Planning indoor 5G coverage

Planning in-building coverage for 5G: from rules of thumb to statistics and AI

Improving the ability of network planners to estimate indoor traffic demand will contribute to more efficient 5G network deployments. Accurate indoor traffic ratio estimates are especially useful to operators rolling out mmWave coverage.

Key findings
New methods are being developed to accurately estimate the proportion of traffic in outdoor base stations that is due to indoor activity. Two distinct but interrelated approaches to the indoor traffic challenge are currently being explored by data scientists: one statistical and the other AI-based. In one dense urban high-rise area, 37 percent of macro traffic was served to indoor users during busy hours, indicating that in-building cell deployment could be increased to meet indoor traffic demand.

Traditionally, it has been assumed that 70–80 percent of mobile data traffic is generated indoors (including traffic served by in-building systems). Now, methods are being developed to accurately estimate the proportion of traffic in outdoor base stations that is due to indoor usage. The results of applying statistical approaches to three different environments in a metro area is recorded in Figure 28.

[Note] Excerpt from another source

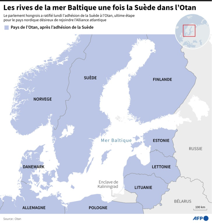 L'adhésion de la Suède, après celle de la Finlande l'an dernier, signifie que tous les pays bordant la mer Baltique, à l'exception de la Russie, sont désormais membres de l'Alliance atlantique.
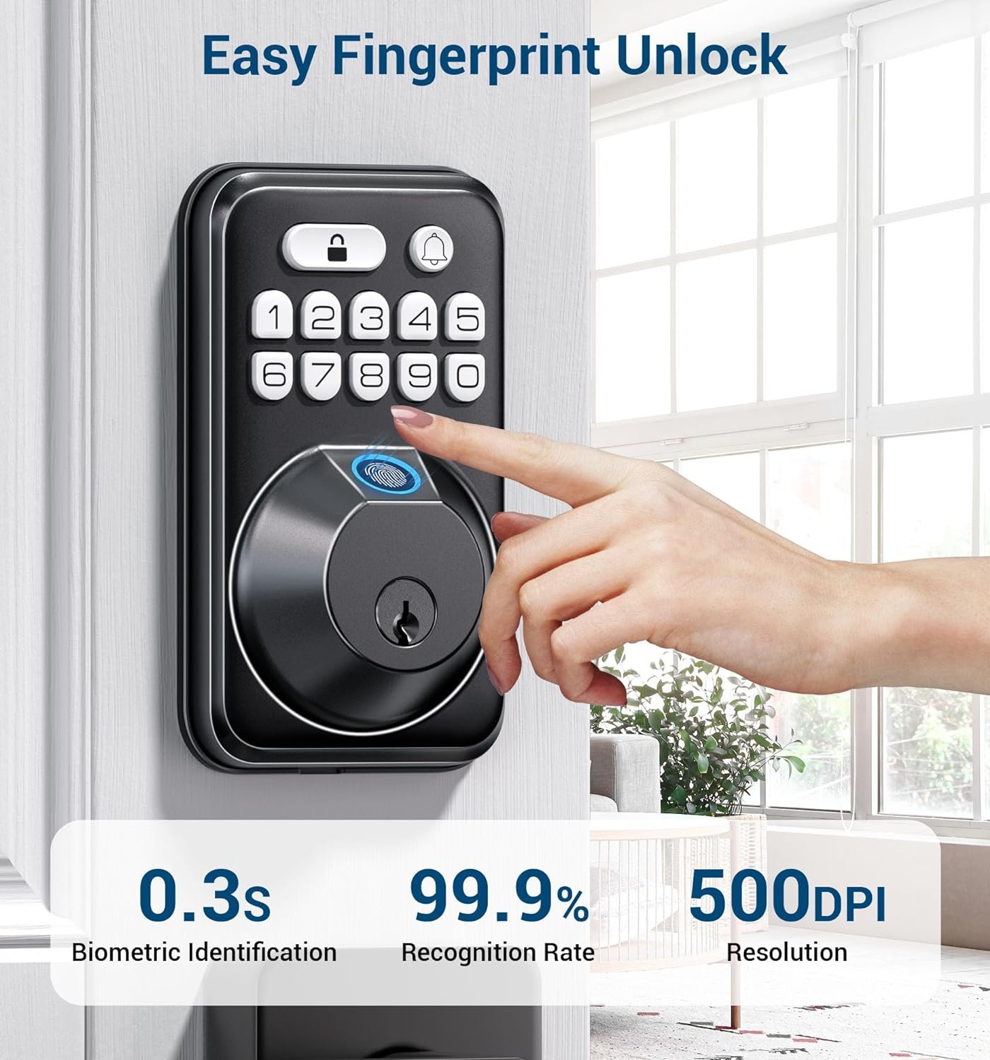 【Ultra Durability & Security】TEEHO Fingerprint Keypad Keyless Entry Door Lock with Doorbell is certified BHMA, ANSI Grade 3 and IP54 weatherproof. Enduring 158℉ to -22℉ high and low temperature resistance, 200,000 Times Keypad life test, 5337N Fastening Screw Pull Test, 100J Face Plate Impact Test, and 240 Hour Salt Spray Test.

In urban deployments, the majority of mobile traffic is usually indoors, which is difficult to serve from outdoor base stations due to radio signal attenuation through walls and windows. With 5G systems, this can be even more of a challenge due to the use of ultra-high frequency bands.

The attenuation of radio signal power intensity, as a signal travels through the space between sender and receiver, is referred to as path loss and is the combined result of a number of factors including free-space loss, penetration losses, reflection, refraction and various other forms of fading.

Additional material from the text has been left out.